Because it contains the same drugs, Seasonale presents the same risks as conventional birth control pills: an increased risk of blood clots, heart attacks and strokes, particularly among women who smoke. Side effects such as nausea, breast tenderness, fluid retention and weight gain are common. Depression and a reduced interest in sex over time can occur.

In clinical studies leading up to FDA approval of Seasonale, women testing the drug had about twice the risk of breakthrough bleeding between periods as women taking birth control pills on the 28-day cycle. This occurred most often during the first few months of use but almost eight percent of women testing Seasonale dropped out of the trials because of unacceptable bleeding, compared to about two percent of women taking oral contraceptives the conventional way.

Another concern: since Seasonale users will have fewer periods, the drug’s label will warn them to consider the possibility that they’re pregnant should they miss a scheduled period.
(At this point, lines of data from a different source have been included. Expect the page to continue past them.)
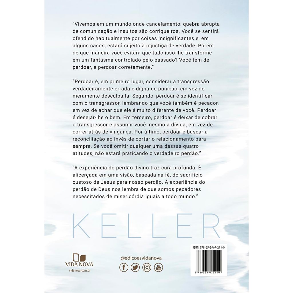 📝 Descrição: Perdoar – Por Que Devo e Como Posso?, escrito por Timothy Keller, é uma reflexão teológica e pastoral sobre o perdão como prática essencial da vida cristã. Nesta obra, Keller apresenta: • Fundamentos bíblicos do perdão, com base na graça e na justiça de Deus • Respostas às objeções culturais, como a ideia de que perdoar é fraqueza ou que compromete a justiça • Orientações práticas para perdoar ofensas profundas, sem negar a dor ou a necessidade de limites • Exemplos reais e insights pastorais, que ajudam o leitor a aplicar o perdão no cotidiano • Um chamado à reconciliação verdadeira, que liberta do ressentimento e promove cura interior 📄 Ficha técnica: Título: Perdoar – Por Que Devo e Como Posso? Autor: Timothy Keller Editora: Vida Nova ISBN: 9786559672110 Idioma: Português Número de páginas: 272 Formato: Brochura Dimensões: 23 cm x 16 cm Peso: Cerca de 500 g Categoria: Espiritualidade cristã, teologia pastoral, vida emocional Indicação etária: A partir de 16 anos 🔍 Palavras-chave: timothy keller, perdão cristão, vida nova, reconciliação, graça e justiça, cura emocional, espiritualidade, livro devocional, fé prática, como perdoar
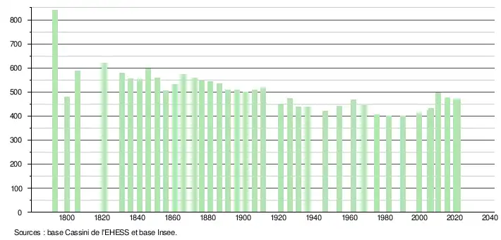 L'évolution du nombre d'habitants est connue à travers les recensements de la population effectués dans la commune depuis 1793. Pour les communes de moins de 10 000 habitants, une enquête de recensement portant sur toute la population est réalisée tous les cinq ans, les populations légales des années intermédiaires étant quant à elles estimées par interpolation ou extrapolation[27]. Pour la commune, le premier recensement exhaustif entrant dans le cadre du nouveau dispositif a été réalisé en 2005[28].
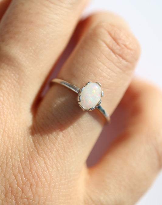 9kt White Gold Opal Crown Ring
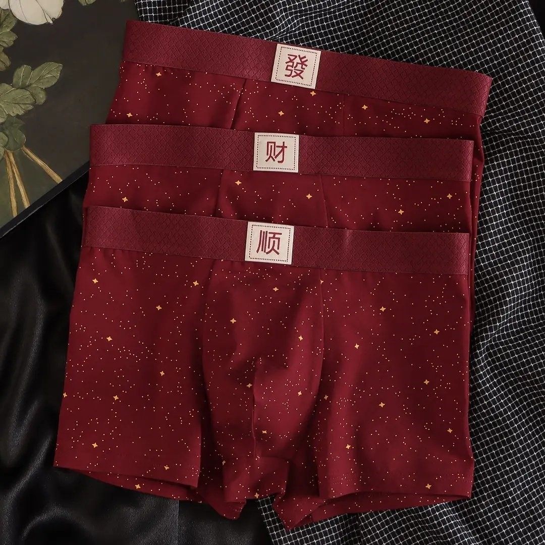 3条装男士内裤纯棉四角裤头中腰舒适透气冰丝四角内裤男红色
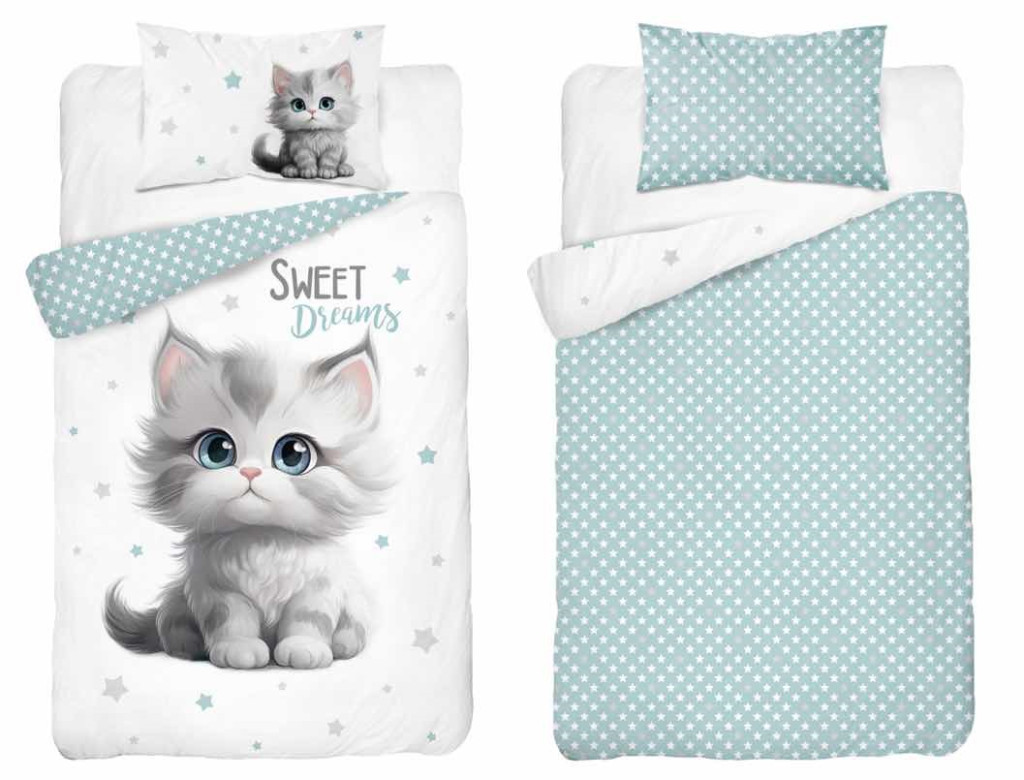 Pamut ágynemű huzat 90*120 cm - Cica kék
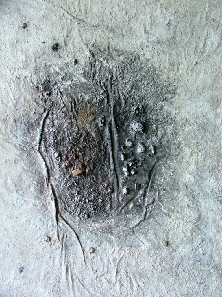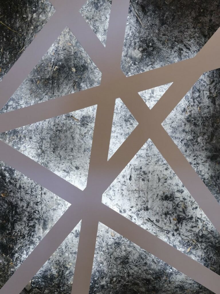 – contraste de forme entre la matière (l’empreinte des restes d’un feu) et le travail plus conceptuel (les lignes sécantes) assimilé à l’esprit.
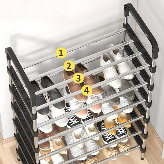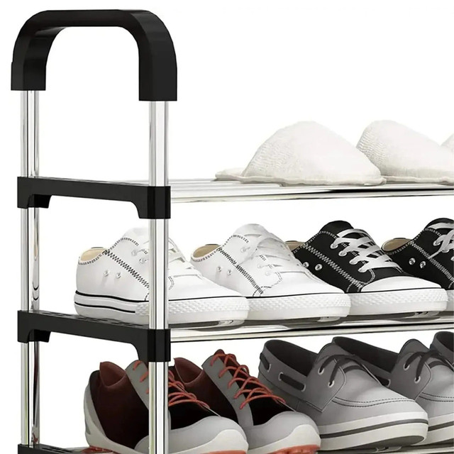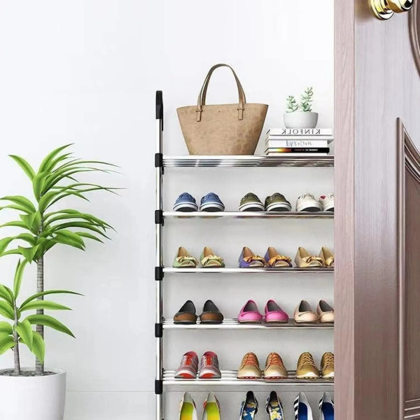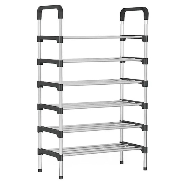 Розбірна полиця для взуття RD-9005 на 6 ярусів — зручне та практичне рішення для передпокою, гардеробної, офісу або дачі. Завдяки вертикальній конструкції вона заощаджує місце та дає змогу зберігати до 18 пар взуття: від повсякденних кросівок до зимових чобіт.
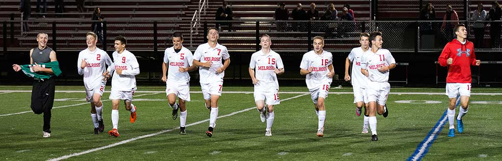 Whatever works, works – the team plays with a lot of soccer in them. And that passion for the game showed on Thursday, Oct. 27 when they beat Stoneham, 6-1, in a victory that punched their ticked into the Div. 3 North tournament. While Melrose has been a defensive-minded team this season, they’re offense is peaking as the regular season winds down.
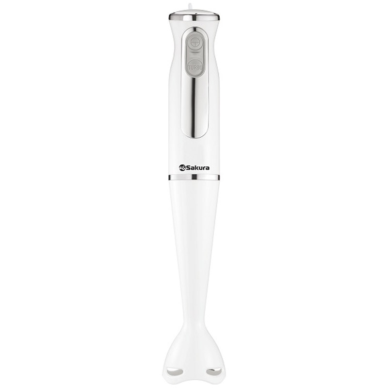 Погружной блендер Sakura SA-6248W изготовлен в белом цвете. Максимальная присоединительная мощность прибора — 600 Вт. Подключается посредством сетевого кабеля. Управление механическое. Есть два скоростных режима и функция «Турборежим». Корпус блендера изготовлен из пластика, погружная часть — из стали, устойчивой к механическим повреждениям и коррозии.
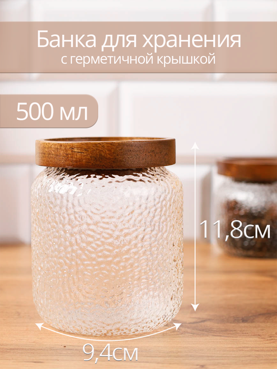 Банка для хранения сыпучих 500 мл, 11.8х9.4 см, деревянная крышка, стекло информация:
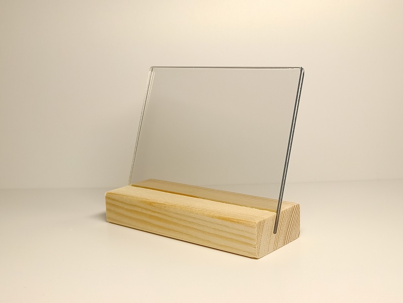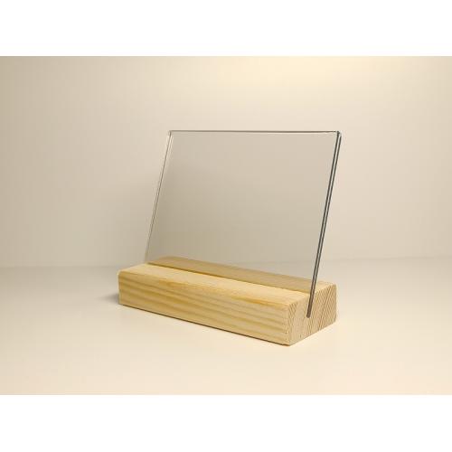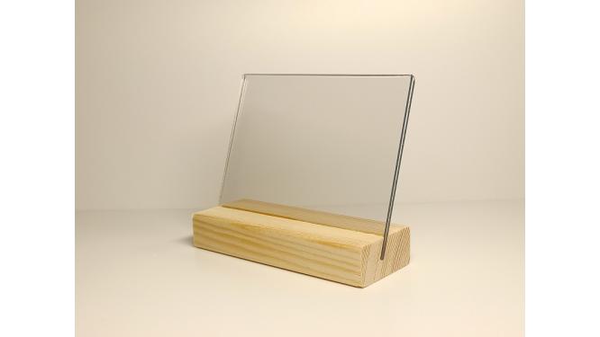 string(407) "Держатель ценника на деревянном основании с прорезью под углом для прозрачной вставки размером 105х74 мм, для вложения формата А7. Универсальное изделие, которое оригинально представит информацию.

The advantage of Seasonale is that it gives women another contraceptive option. While today’s birth control pills are safer than ever, please consider non-pharmacological methods of contraception. Besides using the calendar method and paying attention to your temperature and the texture of cervical mucus, there are other options. Your partner can chose condoms, either alone or with spermicidal foam, or you can use a contraceptive sponge, a diaphragm or a cervical cap. If you can find an alternative that works for you, it might be preferable to long-term use of any version of the birth control pill.

Andrew Weil, M.D.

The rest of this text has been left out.